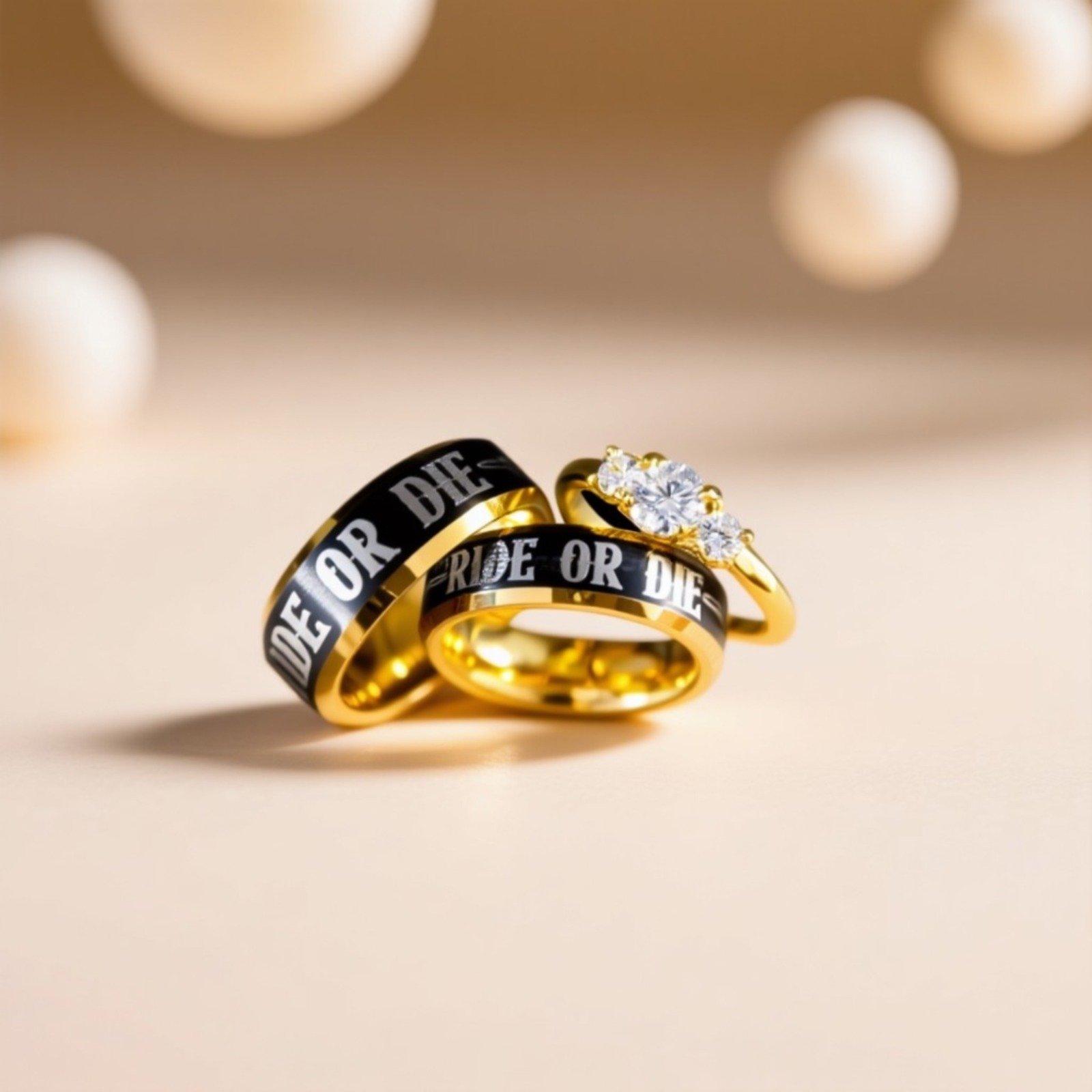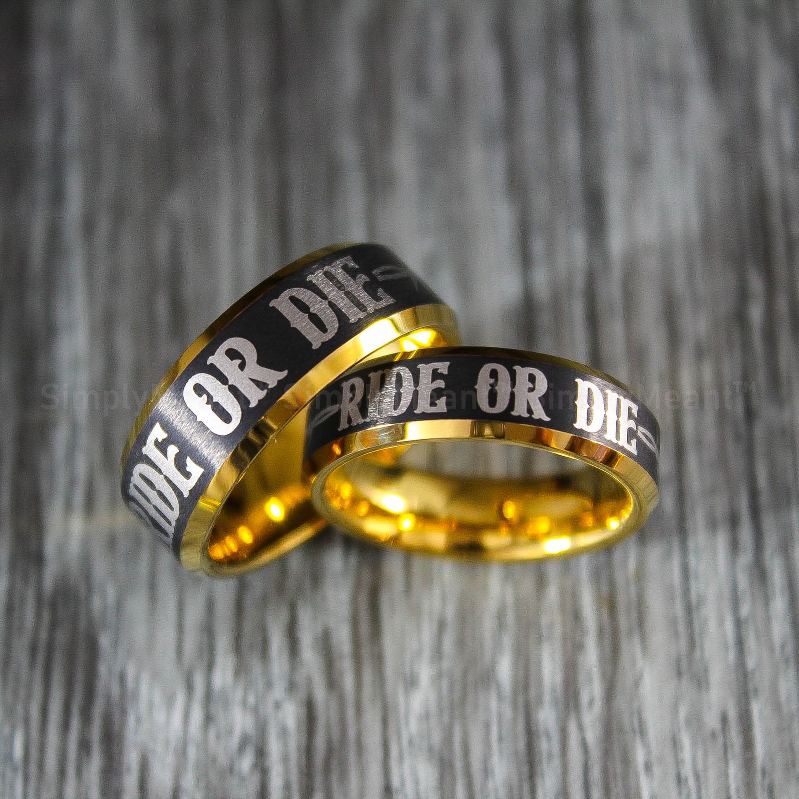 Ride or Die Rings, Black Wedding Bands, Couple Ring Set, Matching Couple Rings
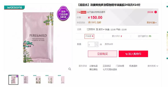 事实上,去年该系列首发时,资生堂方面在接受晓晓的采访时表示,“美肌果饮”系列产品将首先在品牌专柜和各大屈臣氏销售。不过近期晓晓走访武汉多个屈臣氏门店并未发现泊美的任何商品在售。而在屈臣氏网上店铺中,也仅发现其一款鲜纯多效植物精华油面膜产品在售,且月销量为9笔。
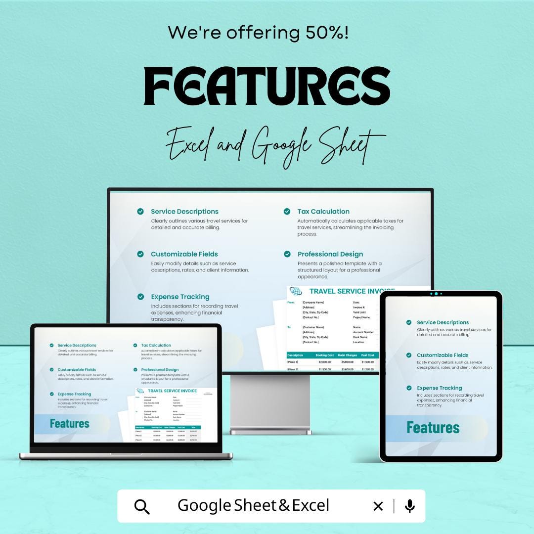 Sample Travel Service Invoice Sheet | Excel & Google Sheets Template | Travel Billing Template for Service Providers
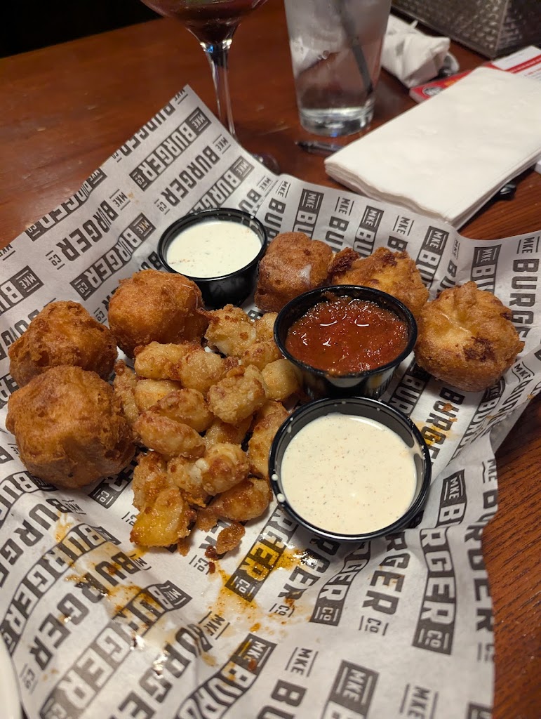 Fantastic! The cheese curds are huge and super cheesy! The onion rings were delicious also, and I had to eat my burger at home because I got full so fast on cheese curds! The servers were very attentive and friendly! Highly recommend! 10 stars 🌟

======

Leaving every picture out, repeat each line of the material exactly.

* [Reply to the task]
 Ride or Die Rings, Black Wedding Bands, Couple Ring Set, Matching Couple Rings
 事实上,去年该系列首发时,资生堂方面在接受晓晓的采访时表示,“美肌果饮”系列产品将首先在品牌专柜和各大屈臣氏销售。不过近期晓晓走访武汉多个屈臣氏门店并未发现泊美的任何商品在售。而在屈臣氏网上店铺中,也仅发现其一款鲜纯多效植物精华油面膜产品在售,且月销量为9笔。
 Sample Travel Service Invoice Sheet | Excel & Google Sheets Template | Travel Billing Template for Service Providers
 Fantastic! The cheese curds are huge and super cheesy! The onion rings were delicious also, and I had to eat my burger at home because I got full so fast on cheese curds! The servers were very attentive and friendly! Highly recommend! 10 stars 🌟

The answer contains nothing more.